Колыбель колдуньи (Черногорец) - страница 14

— Тем более мы должны каждую минуту проводить с тобой вместе, — она едва сдерживала слезы, — когда теперь увидимся…

— Ну, полно, полно, девочка! Я жив, здоров, слава богу, а ты рыдаешь так, словно хоронишь меня.

— Папа, побудь со мной подольше, — Алька всхлипывала и целовала отцу руки.

— Полно, а то я тоже расплачусь. Пойдем. Пойдем, вон Анфиса чаю подала.


Двое суток с отцом, которые Алька не отходила от него ни на шаг, вглядываясь в родные морщинки на лице, держа его за руку и говоря о всякой-всячине, канули в лету. Алька с тоской смотрела вслед удаляющейся карете. Она готова была отдать миллионы фирме «Сторакс» за те недолгие, подаренные ей два дня с отцом. Она разрывалась от желания кинуться вслед карете, броситься под копыта коня и вернуть отца. Но разум твердил, что это не явь, это лишь её детские воспоминания, преобразованные умной машиной. Все бесполезно, все кончено. Ей лишь остается благодарить судьбу за подаренную возможность сказать отцу как она его любит и боготворит. Прощальный взгляд отца, полный любви и горечи, его слова: «Будь мудрой, понапрасну не гневись, и народ не мытарь…» — к чему он это?

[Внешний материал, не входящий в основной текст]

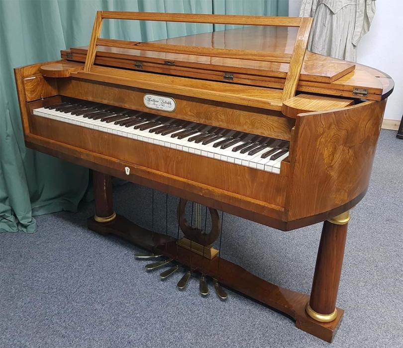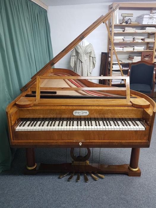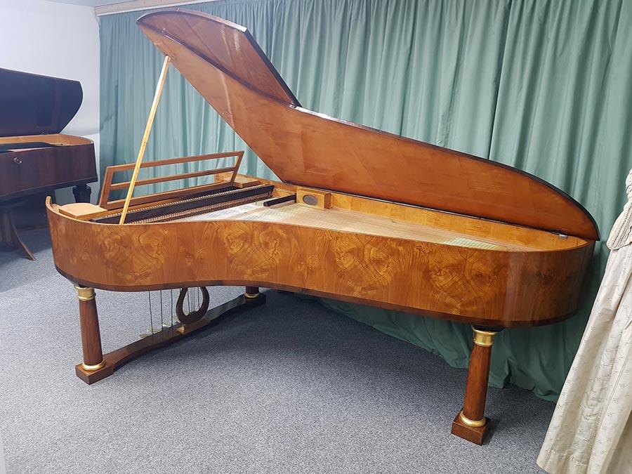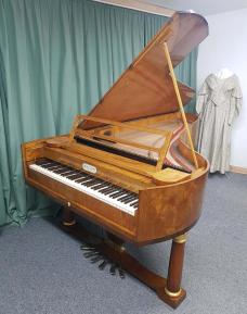 Länge 235cm, Oberfläche Ulme Maser, Tonumfang 6 ½ Oktaven (78 Tasten, C1 bis f4), Tastenbelag aus Knochen, Prellzugenmechanik (Wiener Mechanik), Tonhöhe 440 Hz, 6 Pedal e: Una Corda (Verschiebung), Fagottzug, Forte (Dämpfungsaufhebung), Moderator (2 Pedale mit gleicher Funktion), Janitscharenzug

— Ой, барыня, матушка! Ой, убили! — резкий вопль вывел Альку из оцепенения. Она обернулась. По широкой деревенской улице шел мужчина лет тридцати пяти. Высокого роста, атлетически сложенный, длинные темные, кудрявые волосы спадали на плечи. На руках он нес безжизненное тело женщины. Её тяжелые светлые косы, волочились по земле, платье было в крови. Мужчина подошел и, уложив бережно тело женщины на землю перед Алькой, прошептал:

— Барыня…вот…убили мою Настасью…

Алька подняла глаза. В паре метров от них стояла плотная толпа крестьян. Лица их не выражали ничего хорошего. Один из мужиков, стянув шапку с головы, шагнул вперед:

— Барыня, матушка! Душегуб — он! Он свою жену сгубил, больше некому! Вот и нож мы у него нашли! — Он развернул тряпицу, из нее выпал окровавленный нож. Альке стало дурно. Земля качнулась под ногами. Словно в бреду со всех сторон посыпались голоса, сливаясь в один рокочущий, визжащий хор:

— Он убийца, матушка! Он!

— Он жену свою зарезал!

— Лаялись, как собаки всю жизнь!

— Детей она ему родить не могла, вот и порешил он её!

— Он давеча кричал на всю деревню, что убьет, вот и убил…

— Да он во хмелю сам не знает что творит!

— Душегуб!

— Не ладили они всю жизнь…

Толпа опутала мужчину веревками, он даже не пытался сопротивляться, словно под гипнозом шел, куда его толкали. Бабы вцеплялись в темную гриву волос и вырывали оттуда клочья, деревенские пацаны кидали в него камни, какой-то мужичонка выкрутил ему запястье и вогнал под ногти иглу. Мужчина застонал. Толпа взревела и понесла его мимо Альки, крестьяне били в печные заслонки, тазы, сковороды, волоча его по улице.